Havia apenas um problema...quando as coisas acontecem apenas na nossa mente, cria-se uma desconexão entre o corpo e a mente, e surgem barreiras onde antes não existiam.
Cada vez que esta paixão ressurgia, eu, cansada, tentava aproveitá-la partilhando um post, irregular, descoordenado, onde o tempo disponível era sempre insuficiente. E pouco tempo depois deixei de ter vontade de partilhar conteúdo. Sentia que apenas valeria a pena dedicar-me a produzir conteúdo se fosse para ficar o melhor que podia fazer. Fiquei com horas de conteúdo no computador à espera de um lugar e tempo para serem partilhadas com o mundo. Em parte porque sou extremamente exigente comigo própria e queria fazer tudo bem (olá perfeccionismo!) mas também porque sentia que estes esforços não me levavam a lado algum. A razão fundamental de partilha perdeu-se.

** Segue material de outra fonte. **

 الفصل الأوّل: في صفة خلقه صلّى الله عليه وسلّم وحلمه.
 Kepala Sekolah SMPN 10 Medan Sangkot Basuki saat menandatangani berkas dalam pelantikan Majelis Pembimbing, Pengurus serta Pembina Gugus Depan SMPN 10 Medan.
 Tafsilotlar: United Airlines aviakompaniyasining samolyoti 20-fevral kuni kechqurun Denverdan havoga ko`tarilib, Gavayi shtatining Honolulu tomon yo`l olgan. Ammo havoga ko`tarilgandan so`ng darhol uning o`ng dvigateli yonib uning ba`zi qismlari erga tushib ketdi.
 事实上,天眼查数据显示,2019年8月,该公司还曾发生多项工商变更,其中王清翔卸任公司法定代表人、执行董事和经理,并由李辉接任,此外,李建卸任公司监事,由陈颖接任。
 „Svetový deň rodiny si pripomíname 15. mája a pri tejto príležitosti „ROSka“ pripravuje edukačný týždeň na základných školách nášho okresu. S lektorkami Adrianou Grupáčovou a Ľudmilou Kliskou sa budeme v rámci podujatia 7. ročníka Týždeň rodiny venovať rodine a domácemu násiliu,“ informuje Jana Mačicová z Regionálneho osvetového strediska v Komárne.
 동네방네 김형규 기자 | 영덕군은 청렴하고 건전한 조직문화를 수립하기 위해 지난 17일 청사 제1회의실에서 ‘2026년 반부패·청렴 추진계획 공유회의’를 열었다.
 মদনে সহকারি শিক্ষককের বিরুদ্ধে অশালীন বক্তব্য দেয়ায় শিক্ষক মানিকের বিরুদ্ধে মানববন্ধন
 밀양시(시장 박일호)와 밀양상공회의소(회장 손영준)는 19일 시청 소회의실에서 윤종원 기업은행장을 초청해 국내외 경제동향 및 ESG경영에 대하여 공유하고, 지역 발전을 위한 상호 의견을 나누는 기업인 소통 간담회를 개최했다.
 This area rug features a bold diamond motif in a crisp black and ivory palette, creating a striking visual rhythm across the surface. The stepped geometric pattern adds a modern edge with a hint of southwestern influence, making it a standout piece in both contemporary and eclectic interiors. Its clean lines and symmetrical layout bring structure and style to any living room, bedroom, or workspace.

Durante meses senti-me bloqueada, sem ver um caminho de saída. Quando a nossa paixão se torna um fardo, é difícil encará-la. Precisei de lhe dar tempo, muito tempo para me reconectar. Não porque quisesse forçar mas porque sabia que estava cá, à espera, pacientemente, que as condições se reunissem para poder voltar.

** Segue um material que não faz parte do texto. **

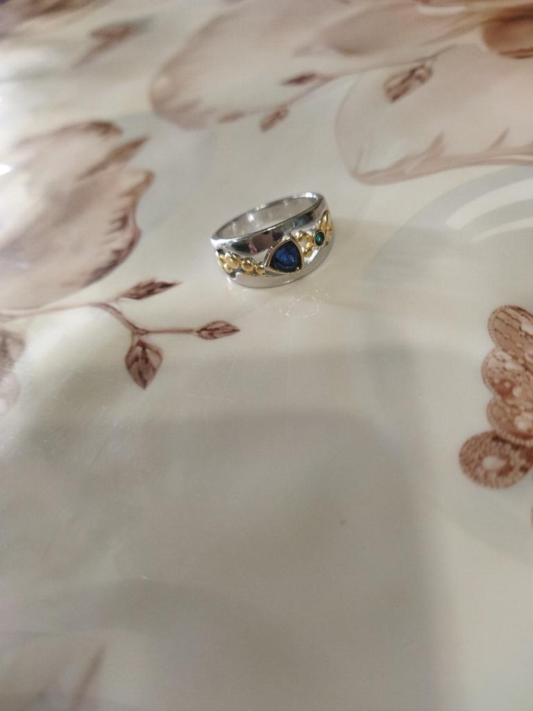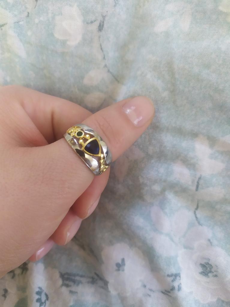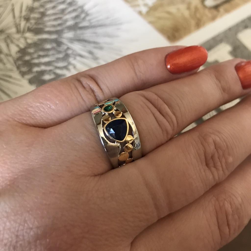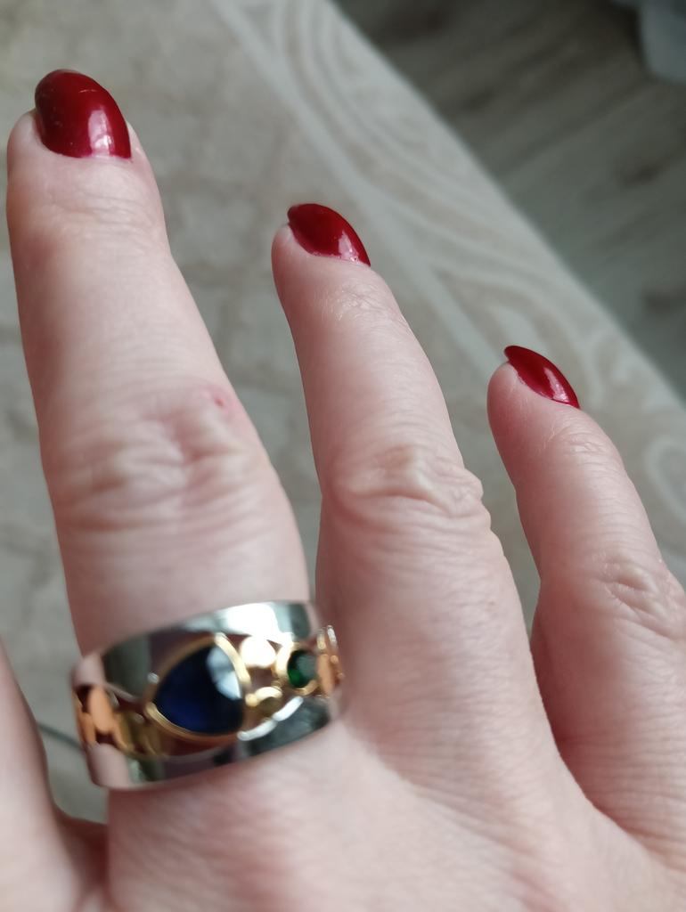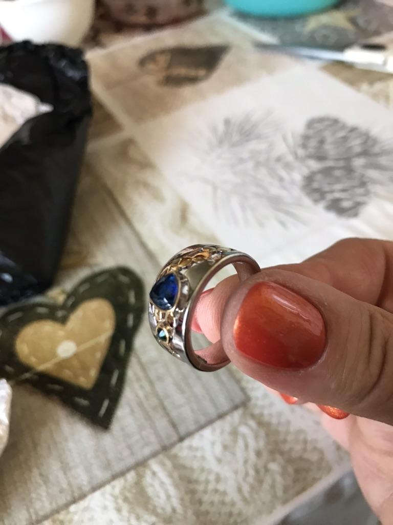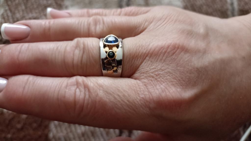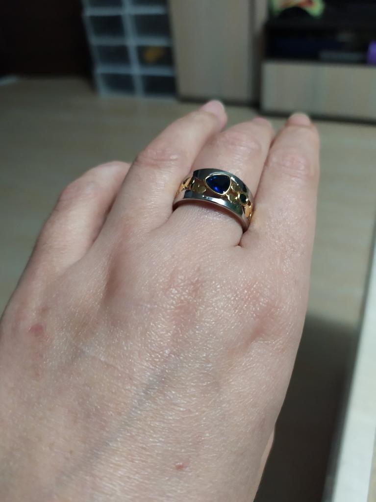 The ring looks rich, and the stone looks like a sapphire))) wide, gold on silver))), I recommend

Enquanto isso fui cozinhando, comida do dia-a-dia. Observando como conseguia ir pondo comida na mesa que, apesar de não alimentar a minha paixão, me nutria a mim e à minha família. Foi uma aprendizagem necessária, um largar do controlo, um abdicar da exigência e simplesmente ser. Permitir-me fazer diferente. Praticar empatia e auto-compaixão.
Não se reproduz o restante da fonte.